Penso que o amour libre é um meio de expurgar a pecha da
prostituição. No pós-guerra, as francesas poderiam jurar de pés juntos que só
fizeram por prazer, sem proveito financeiro. E milhões de mulheres Europa afora
puderam adotar o mesmo escudo contra a mesma acusação que lhes poderia ser imputada.
Entre o hedonismo e a paranoia, autonomia
De resto, hedonismo pode ser uma conduta natural de quem crê
no colapso iminente. Que fez parte da descendência desses fugidos da II Guerra?
Prepara-se para o próximo colapso, a III Guerra Mundial tida por iminente. Quem
pegou a II depois de pegar a I tem certeza de que virá a III. E ensina isso
para os filhos, que vão passando de geração em geração.
O temor pode ganhar contornos de paranoia.
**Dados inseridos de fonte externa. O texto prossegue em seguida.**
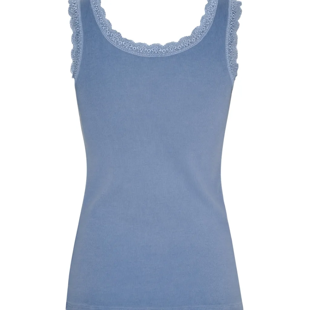 Feminin tanktop med fine blondedetaljer langs halsudskæringen og ærmegaberne. Fungerer som basislag eller til at style alene på varme dage.
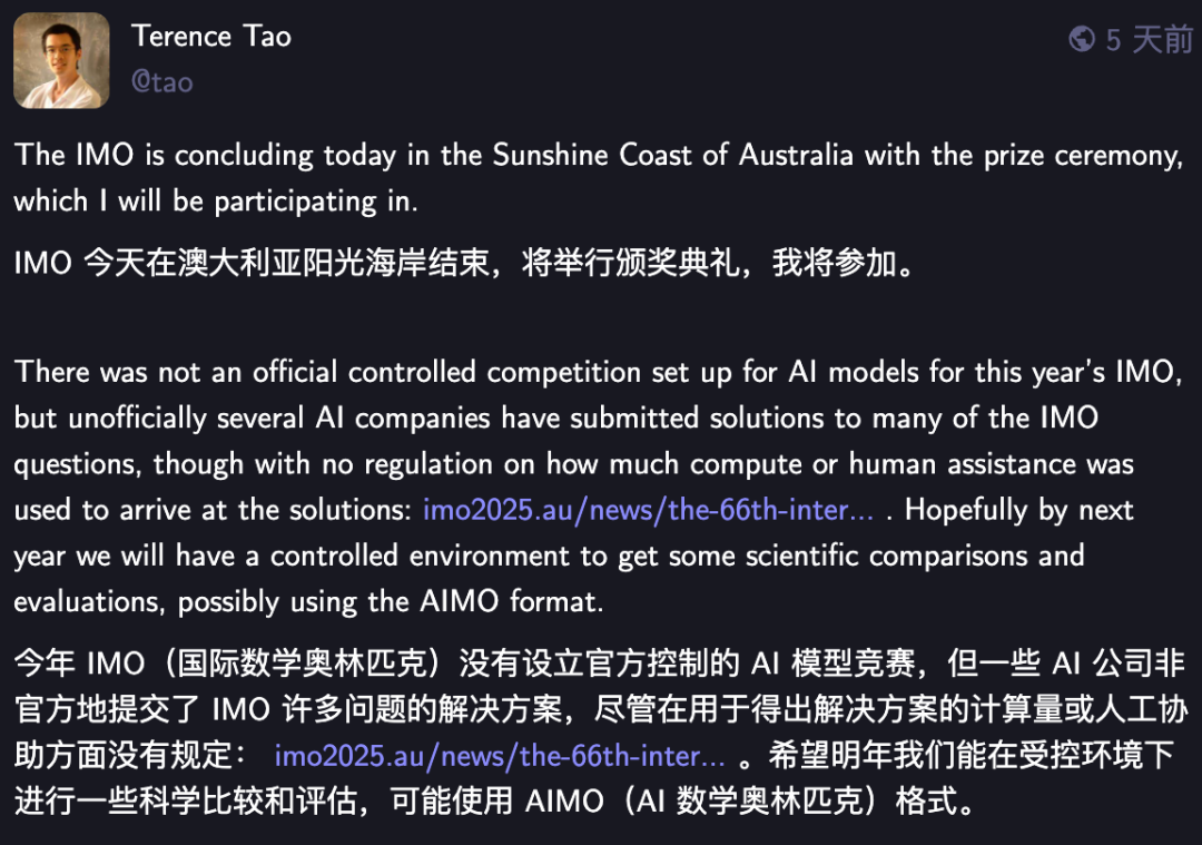 他同样也对在 IMO 取得成绩的 AI 模型十分关注。
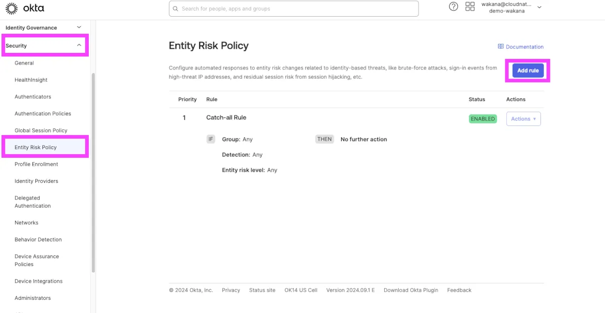 - まずはリスクを識別するためにEntity Risk Policyを作成します!Securityタブからアクセスし、Add ruleボタンを押下します。

Um traumatizado
já decidiu por sabe deus quais critérios que Garanhuns era o local do mundo
aonde o colapso seria menos grave. Depois mudou de ideia e passou a ser uma
área do interior de São Paulo. Sandor Lernard, o grande humanista que fugiu do
campo de concentração e envelheceu no Brasil, achava que esse lugar era o Vale
do Itajaí. São todos áreas rurais, onde se pode ser o esquisitão da
sustentabilidade, o primeiro a viver em ambiente rural após gerações de
ancestrais urbanos. Pode-se apontar também o surgimento de um moralismo
alimentar, fetiche com orgânico e dietas vegetarianas.
Last, but not least, nesse perfil há o hábito de os homens
também saberem cozinhar. Quem olhe de fora vai achar que é fruto de
considerações sobre “papéis de gênero”, mas é que só uma sociedade com
estabilidade pode produzir homens incapazes de fritar um ovo. Um homem assim
tem que ter ou uma família sólida (com mãe ou mulher cozinhando), ou uma renda
sólida (pagando sempre uma cozinheira) ou um mercado sólido (comprando comida
pronta). São três coisas consideradas conforto numa situação de colapso. Se o brasileiro
olha para quem cozinha como um abnegado fazendo as tarefas de alguém humilde, é
porque nem passa pela cabeça a situação de colapso.
Ao cabo, se o medo do colapso preparou os homens para não precisarem das mulheres e as mulheres para precisarem dos homens, o casamento não é mais algo natural. Porque mira-se a autonomia, em vez do amparo mútuo.
E o hedonismo também é uma consequência plausível desse medo
do colapso. Se o mundo vai acabar, que o mundo se esbalde antes.